Discussion:
Running query against a single document
Aurélien MAZOYER
2018-09-21 12:57:52 UTC
Permalink
Hi,

We would like to know if there is a way to test a query against a document
without creating an index. We were thinking that maybe we could use lucene
highlighter component
to achieve this, but it seems it doesn't work as expected with complex
queries.
For example, we create a SpanQuery (+spanFirst(field:saint, 1)
+spanNear([field:saint, field:quentin], 0, true)) and we tested it against
two documents :
D1={field=eglise saint quentin}
D2={field=saint quentin deladadoupa}
We expect to get these entries from the highlighter :
D1 eglise saint quentin
D2 <B>saint</B> <B>quentin</B> deladadoupa
But we got
eglise <B>saint</B> <B>quentin</B> for D1, which is unexpected from our
perspective because it doesn't match our SpanQuery.
Do you have any ideas if this approach is correct or if we better use some
other way to achieve this functionality.
FYI we use Lucene 6.5.1.

Thank you for your help,

Regards,

Aurelien and Andrey
Tchiota GMBH
Tom Mortimer
2018-09-21 13:16:21 UTC
Permalink
Hi,

Have you considered using MemoryIndex
<https://lucene.apache.org/core/6_5_1/memory/org/apache/lucene/index/memory/MemoryIndex.html>
?

cheers,
Tom


tel +44 8700 118334 : mobile +44 7876 741014 : skype tommortimer
Post by Aurélien MAZOYER
Hi,
We would like to know if there is a way to test a query against a document
without creating an index. We were thinking that maybe we could use lucene
highlighter component
to achieve this, but it seems it doesn't work as expected with complex
queries.
For example, we create a SpanQuery (+spanFirst(field:saint, 1)
+spanNear([field:saint, field:quentin], 0, true)) and we tested it against
D1={field=eglise saint quentin}
D2={field=saint quentin deladadoupa}
D1 eglise saint quentin
D2 <B>saint</B> <B>quentin</B> deladadoupa
But we got
eglise <B>saint</B> <B>quentin</B> for D1, which is unexpected from our
perspective because it doesn't match our SpanQuery.
Do you have any ideas if this approach is correct or if we better use some
other way to achieve this functionality.
FYI we use Lucene 6.5.1.
Thank you for your help,
Regards,
Aurelien and Andrey
Tchiota GMBH
Erick Erickson
2018-09-21 14:56:19 UTC
Permalink
bq. We would like to know if there is a way to test a query against a document
without creating an index. We were thinking that maybe we could use lucene
highlighter component
to achieve this,

I don't really understand this at all. How are you using the
highlighter component without creating an index? Custom code?

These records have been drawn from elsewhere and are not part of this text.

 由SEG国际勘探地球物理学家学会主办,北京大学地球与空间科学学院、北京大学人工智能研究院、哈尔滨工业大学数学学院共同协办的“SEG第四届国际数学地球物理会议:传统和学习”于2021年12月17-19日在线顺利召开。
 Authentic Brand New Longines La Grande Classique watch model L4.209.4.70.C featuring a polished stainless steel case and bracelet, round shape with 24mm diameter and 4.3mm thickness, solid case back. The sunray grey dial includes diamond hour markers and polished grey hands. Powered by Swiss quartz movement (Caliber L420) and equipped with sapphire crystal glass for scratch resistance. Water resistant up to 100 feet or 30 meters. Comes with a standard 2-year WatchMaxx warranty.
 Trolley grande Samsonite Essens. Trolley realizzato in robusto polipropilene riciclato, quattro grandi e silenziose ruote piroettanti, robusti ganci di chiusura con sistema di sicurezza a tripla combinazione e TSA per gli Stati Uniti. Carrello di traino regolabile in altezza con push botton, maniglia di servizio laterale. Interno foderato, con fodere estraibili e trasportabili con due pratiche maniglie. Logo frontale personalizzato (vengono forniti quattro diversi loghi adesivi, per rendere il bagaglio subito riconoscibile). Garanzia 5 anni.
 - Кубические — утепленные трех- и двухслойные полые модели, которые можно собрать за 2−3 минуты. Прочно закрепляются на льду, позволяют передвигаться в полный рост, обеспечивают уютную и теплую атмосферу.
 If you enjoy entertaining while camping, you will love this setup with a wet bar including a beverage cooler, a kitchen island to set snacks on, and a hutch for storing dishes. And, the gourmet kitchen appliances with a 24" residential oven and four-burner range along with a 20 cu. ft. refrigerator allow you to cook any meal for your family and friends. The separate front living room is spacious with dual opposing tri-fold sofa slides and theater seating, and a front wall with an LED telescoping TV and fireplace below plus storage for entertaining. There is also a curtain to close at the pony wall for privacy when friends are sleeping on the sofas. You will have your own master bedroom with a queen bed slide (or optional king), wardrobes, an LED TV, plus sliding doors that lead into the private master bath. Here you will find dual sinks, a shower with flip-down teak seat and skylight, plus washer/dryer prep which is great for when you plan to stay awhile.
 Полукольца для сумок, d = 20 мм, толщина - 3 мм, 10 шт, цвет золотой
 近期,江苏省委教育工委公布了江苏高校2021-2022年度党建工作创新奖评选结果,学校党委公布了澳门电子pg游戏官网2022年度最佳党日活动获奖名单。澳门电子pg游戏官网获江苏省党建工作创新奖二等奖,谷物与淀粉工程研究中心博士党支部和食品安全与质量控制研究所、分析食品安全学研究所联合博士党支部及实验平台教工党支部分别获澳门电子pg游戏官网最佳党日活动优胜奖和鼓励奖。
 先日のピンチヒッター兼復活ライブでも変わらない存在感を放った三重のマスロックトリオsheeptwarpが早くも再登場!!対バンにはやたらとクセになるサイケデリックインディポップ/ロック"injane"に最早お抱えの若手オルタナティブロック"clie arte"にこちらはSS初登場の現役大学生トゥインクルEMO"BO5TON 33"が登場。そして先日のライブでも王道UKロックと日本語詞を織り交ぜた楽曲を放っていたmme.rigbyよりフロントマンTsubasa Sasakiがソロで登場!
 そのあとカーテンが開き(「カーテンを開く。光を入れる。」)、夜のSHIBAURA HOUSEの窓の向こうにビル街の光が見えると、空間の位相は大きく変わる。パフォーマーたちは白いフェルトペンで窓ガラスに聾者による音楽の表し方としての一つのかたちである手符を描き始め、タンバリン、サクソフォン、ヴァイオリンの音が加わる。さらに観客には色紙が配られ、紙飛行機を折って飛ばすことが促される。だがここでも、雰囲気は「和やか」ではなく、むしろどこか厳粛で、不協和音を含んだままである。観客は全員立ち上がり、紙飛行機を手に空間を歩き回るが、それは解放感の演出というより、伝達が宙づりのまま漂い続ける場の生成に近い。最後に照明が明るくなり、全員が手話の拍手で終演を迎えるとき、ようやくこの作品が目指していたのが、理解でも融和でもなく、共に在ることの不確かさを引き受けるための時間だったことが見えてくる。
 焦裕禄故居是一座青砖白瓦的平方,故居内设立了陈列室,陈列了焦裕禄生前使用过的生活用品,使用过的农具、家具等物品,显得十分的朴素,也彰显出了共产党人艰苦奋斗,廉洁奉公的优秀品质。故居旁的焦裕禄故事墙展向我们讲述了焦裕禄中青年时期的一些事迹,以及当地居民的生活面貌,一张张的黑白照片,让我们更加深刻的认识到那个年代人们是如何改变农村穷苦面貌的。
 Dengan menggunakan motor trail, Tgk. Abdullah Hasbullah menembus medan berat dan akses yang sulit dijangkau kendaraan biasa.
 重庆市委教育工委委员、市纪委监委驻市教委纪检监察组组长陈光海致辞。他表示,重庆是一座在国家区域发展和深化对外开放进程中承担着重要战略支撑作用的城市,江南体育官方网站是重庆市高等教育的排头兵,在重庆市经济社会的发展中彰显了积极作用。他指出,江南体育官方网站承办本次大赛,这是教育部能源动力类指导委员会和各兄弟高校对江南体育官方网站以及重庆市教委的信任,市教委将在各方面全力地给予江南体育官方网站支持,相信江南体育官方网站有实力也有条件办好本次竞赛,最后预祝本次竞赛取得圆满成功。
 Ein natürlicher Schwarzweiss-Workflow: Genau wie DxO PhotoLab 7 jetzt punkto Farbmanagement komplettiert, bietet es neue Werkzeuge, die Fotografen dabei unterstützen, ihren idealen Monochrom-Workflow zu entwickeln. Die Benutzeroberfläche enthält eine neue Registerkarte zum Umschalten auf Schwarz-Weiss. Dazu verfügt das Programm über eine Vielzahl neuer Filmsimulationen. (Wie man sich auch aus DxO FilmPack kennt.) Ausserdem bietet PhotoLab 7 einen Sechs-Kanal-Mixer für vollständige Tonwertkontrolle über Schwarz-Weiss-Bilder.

But that aside, there are dozens, if not hundreds of examples of this
in the Solr test code. You could write a Solr junit test, which
is "just some Java code" and run that.

To execute this within the test framework, you have two options:
1> from the top level "ant -Dtestcase=custom_test test", which takes a
long time to run
2> from solr/core "ant -Dtestcase=custom_test test-nocompile". You
have to have compiled your code of course for this to work.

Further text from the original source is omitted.